Daria wyłączyła wodę i wyszła z kabiny, po czym podała mu ręcznik. Wzięła również jeden dla siebie i zaczęła osuszanie od włosów. Podczas tej czynności jej piersi się kołysały, a penis Piotra wydawał się być jeszcze twardszy.
Podeszła bliżej niego i uklękła, żeby wytrzeć jego nogi. Owinęła jądra ręcznikiem, a chłopak stęknął z rozkoszy.
Wstała z podłogi i zdjęła mokre majtki od bikini, po czym zaczęła się prowokacyjnie wycierać. On obserwował ją z otwartą buzią, jak przesuwała ręcznikiem od wnętrz ud do ciemnych włosów na cipce.
Kiedy skończyła, wyciągnęła do niego rękę i powiedziała, że kosz na pranie stoi w jej sypialni. Poszedł za nią jak w transie, nie odrywając od niej wzroku.
Daria włożyła ręczniki do kosza, pochylając się nad nim tak, żeby Piotrek miał dobry widok na jej pośladki. Zauważył, że pomiędzy wargami sromowymi szklił się śluz, mimo iż dopiero co się tam wycierała.
Dziewczyna wróciła do niego i posadziła go na łóżku. Usiadła obok, pochyliła się i pocałowała go kilka razy w usta. Po chwili użyła palca żeby je rozchylić, po czym wepchnęła do środka język. Poruszała nim z pasją i ssała przez chwilę jego własny język, a jednocześnie sięgnęła dłonią do jego krocza. Objęła palcami penisa, czując jego rozmiar i twardość. Piotrek był nieźle obdarzony przez los i wiedziała, że uszczęśliwi wiele kobiet w swoim życiu, jeśli tylko będzie chciał. Póki co, jedyne czego chciała, to zaspokoić go.
Całowała go i robiła mu dobrze ręką, a jego oddech przyspieszał. Niestety, nerwy powstrzymywały go przed dalszymi ruchami. Daria puściła penisa i złapała jego dłoń, po czym położyła ją sobie na lewej piersi. Po tym geście chłopak nie potrzebował już więcej zachęty.
Nagle, odwzajemnił jej pocałunki.
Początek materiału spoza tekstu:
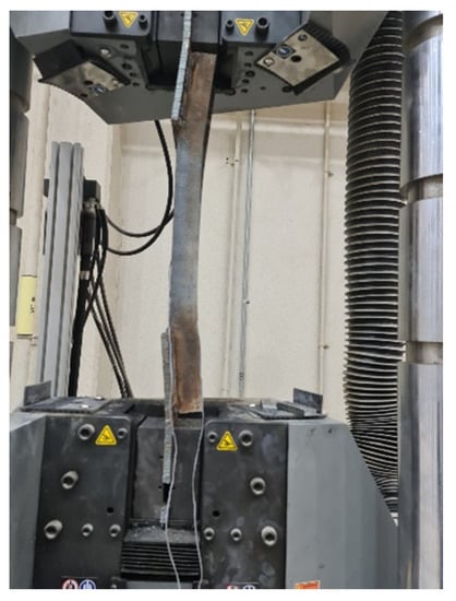Fifteen steel channel UPN specimens were tested using a tensile loading machine (Civil Engineering Department Lab, King Saud University, Riyadh, Saudi Arabia) with a capacity of 1000 kN, as presented in Figure 7. The testing machine had a fixed upper jaw and a mobile lower jaw. Tensile tests were conducted for each specimen at a tensile load rate of 5.0 kN/min for all of the specimens. A computer-aided data acquisition system was employed for monitoring the loads and displacements.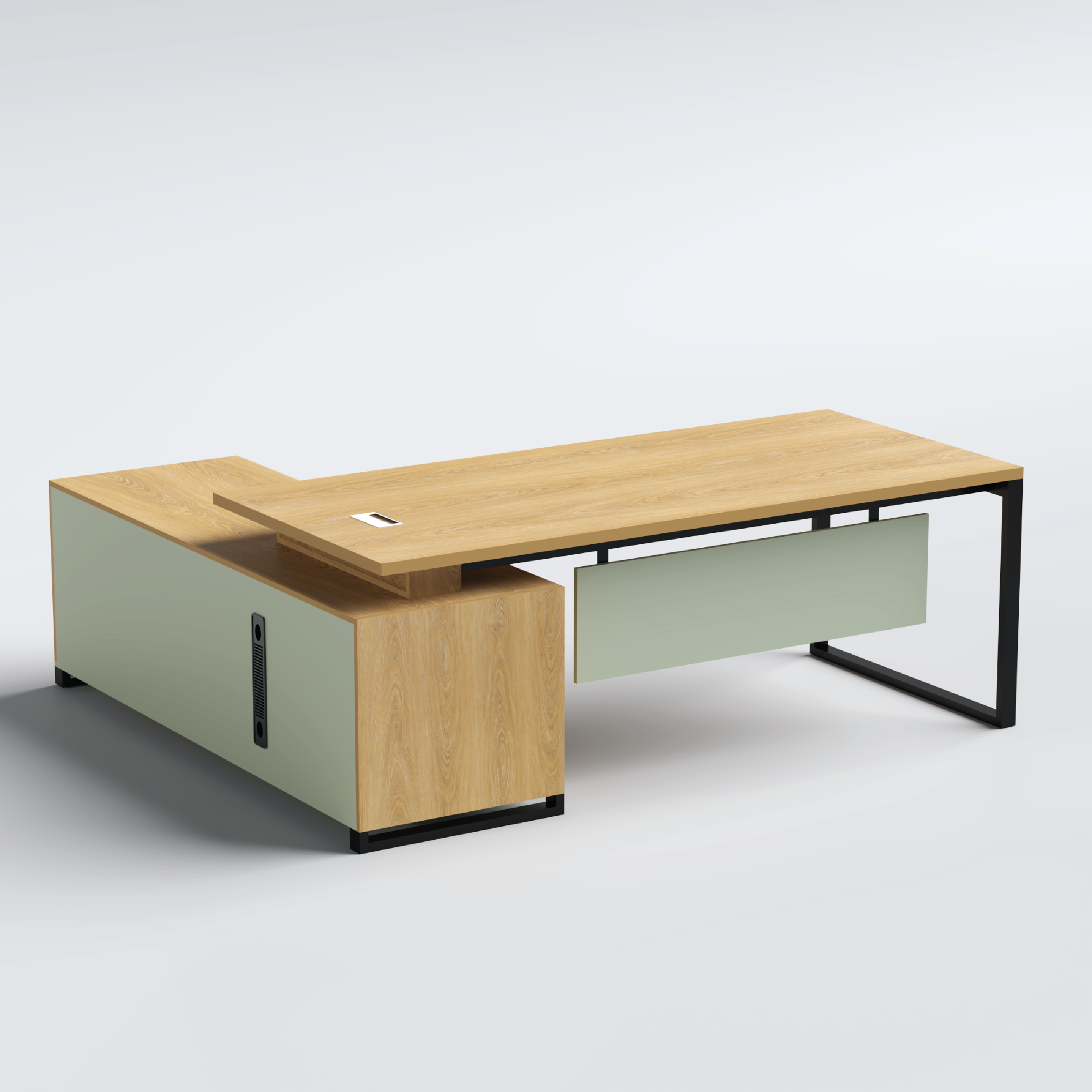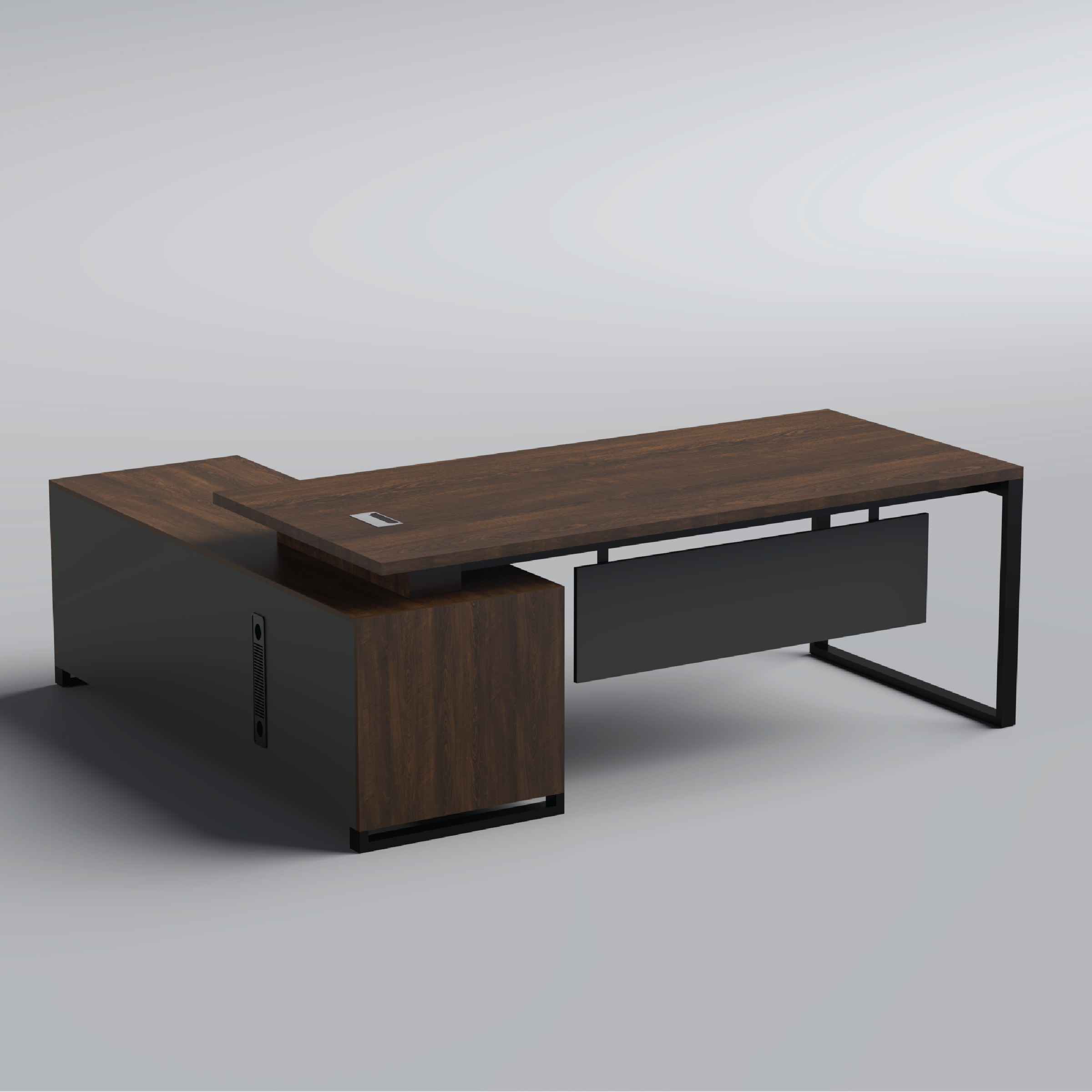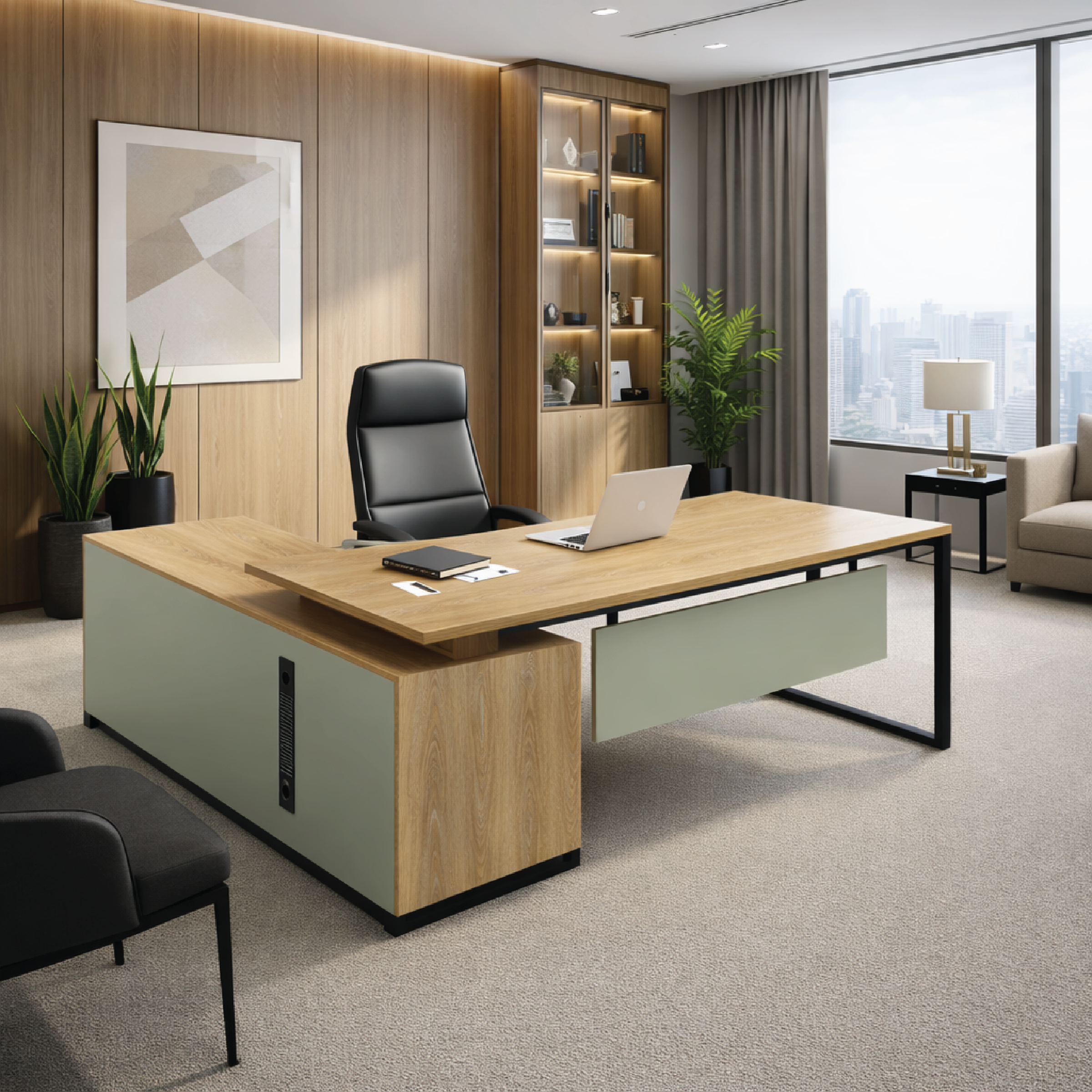 Model 3030 delivers a warm, modern aesthetic with a clean wood-and-metal combination that elevates any executive or managerial office. The smooth melamine surface is resistant to scratches and stains, ensuring long-term appearance and easy maintenance. Its spacious top supports multitasking, while the strong metal frame keeps the desk steady and reliable. Moisture-protected PVC edges and termite-treated board add an extra layer of durability. This model is ideal for anyone seeking a stylish, functional, and budget-friendly executive desk with long-term value.

Wpił się w nią tak zachłannie, że straciła dech w piersiach. Delikatnie dotykał jej biustu, niemal po dżentelmeńsku, z idealnym wyczuciem.
Palce Darii na jego członku sprawiły, że stęknął z rozkoszy. Dziewczyna założyła, że nie był zbyt doświadczony, więc może długo nie wytrzymać. Położyła się na łóżku i przyciągnęła go do siebie, rozszerzając nogi. Złapała penisa w dłoń i naprowadziła go na cipkę, a on wbił się w nią. Chłopak westchnął z rozkoszy, a ona z ulgi. Miała w sobie penisa, i czuła się z tym wspaniale. Pomyślała że szkoda jej Piotra ponieważ wykorzystała go, ale to była siła wyższa.